Particle Electron 3G for vehicle application

We currently have data logging implemented in one of our products. Currently, users download logs from vehicles using Android BlueTooth and this gets automatically uploaded from the Android to our web portal. The customer has a Desktop analysis software we supply them that retrieves logs from our web portal to their desktop.

What we want to do is change the upload to be near real time. ie. Each time a record is created, it is sent direct via GPRS to web portal. If internet not available then we need to be able to store and forward when it becomes available.

The data will come into the Electron via RS485 (converted to 3.3V TTL). The only other function we need is a real time clock to be able to time/date stamp each record at the vehicle.

Is the Electron suitable to provide the functions we require and can be purchase the Hardware with SIM account but have data go to our existing portal in our packet format?


What kind of micro controller are you using right now? and I would say yes you can uses the electron for this type of product. I guess you would be cutting the middleman. Now the big question is how much data does the device produce normally. I would start there.

Thanks for your response.

Is the RTC built into Electron and only require backup battery? If so, I could synch this local clock from web when connected and let it free-run when web not available.

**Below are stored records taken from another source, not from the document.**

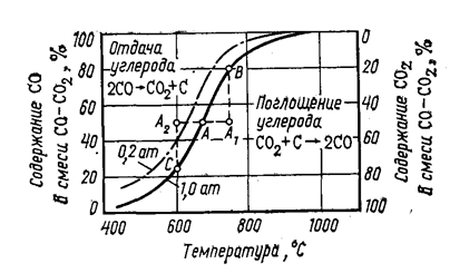 Здесь Рсо2, Рсо – парциальные давления двуокиси и окиси углерода в среде карбюризатора соответственно, ас - активность углерода, которая в среде карбюризатора равна единице, так как углерод присутствует в твердой фазе (при твердотельной карбюризации) Константа равновесия К зависит от температуры. Соответственно, соотношение между СО и СО2 так же зависит от температуры, как показано на рис 1. Из этого рисунка видно, что с повышением температуры возрастает доля СО в атмосфере карбюризатора
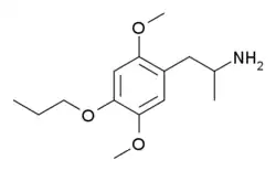 - ↑ Shulgin AT, Dyer DC (December 1975). "Psychotomimetic phenylisopropylamines. 5. 4-Alkyl-2,5-dimethoxyphenylisopropylamines". J Med Chem. 18 (12): 1201–1204. doi:10.1021/jm00246a006. PMID 1195275.
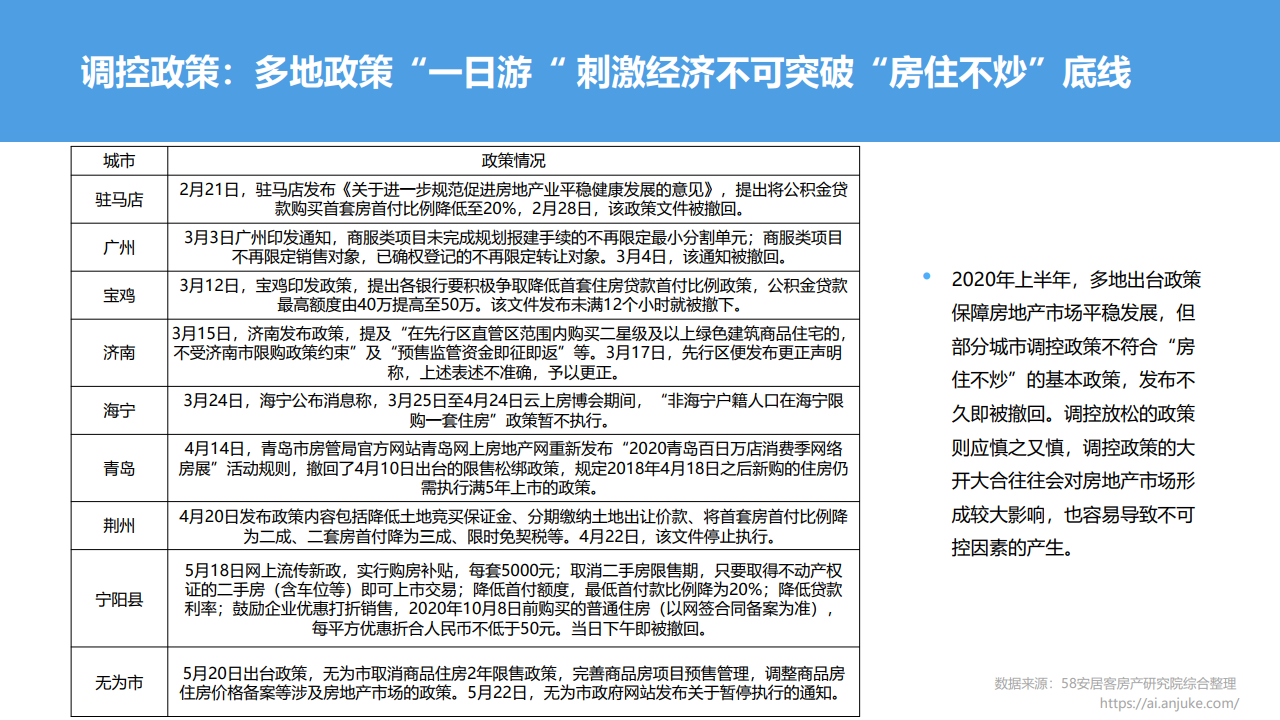 针对2020年上半年行业变化,6月30日,58同城、安居客发布《2020年上半年楼市总结》报告。报告指出,在因城施策的条件下,多地出台政策保障房地产市场平稳发展。虽然部分城市在土地政策上给予一定放松,提升了房企拿地意愿,但总体来看, “房住不炒”依然是楼市调控的主要基调。

This will be a retro-fit box that attaches to the RS485 bus and obtains data from it.
Only using small amounts of data from 250k to 500k per month max per vehicle/Sim.

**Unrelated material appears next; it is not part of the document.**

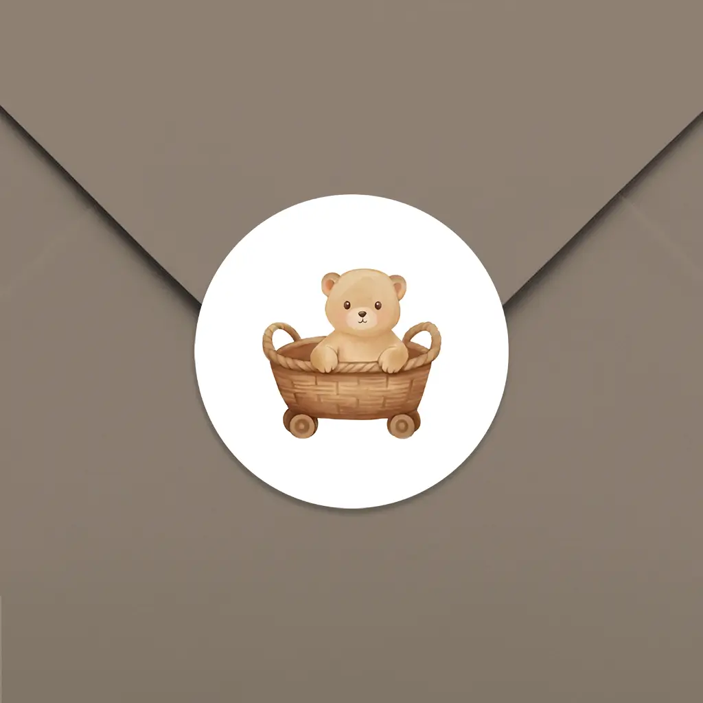 Lieve sluitsticker met de illustratie van een beertje in een mandje. Pas de sticker eenvoudig aan in onze online editor. Bekijk hier het bijpassende geboortekaartje.

What do you mean by middleman, are you referring to online api?

Yes, and normally the provided LiPo is also the RTC backup battery. If you want another backup battery (e.g. because you won’t need the LiPo *), you should remove a 0Ohm bridge between 3v3 and VBAT - in bigger batches you may be able to get Electrons with that bridge unpopulated.

A word of caution, the cellular module does have rather fast current demands at times and the LiPo will act as a quick supply for that, but if you want to go without it, you need to ensure your own power source can be as quick too (e.g. extra buffer caps).

Thanks for the advice,
I will get some hardware and have a play. The good thing is I can develop the app and test without making the finished hardware and then to complete I will make a base-board with RS485 to TTL for incoming data and a power supply with some protection and smoothing.
Using the SIM cards from means all the units will set up the same for web access and I can manage the customer billing online. Though customers will need a sim for every vehicles, the cots will easily offset the cost of their time to move near a vehicle and connect and download using the current Android method.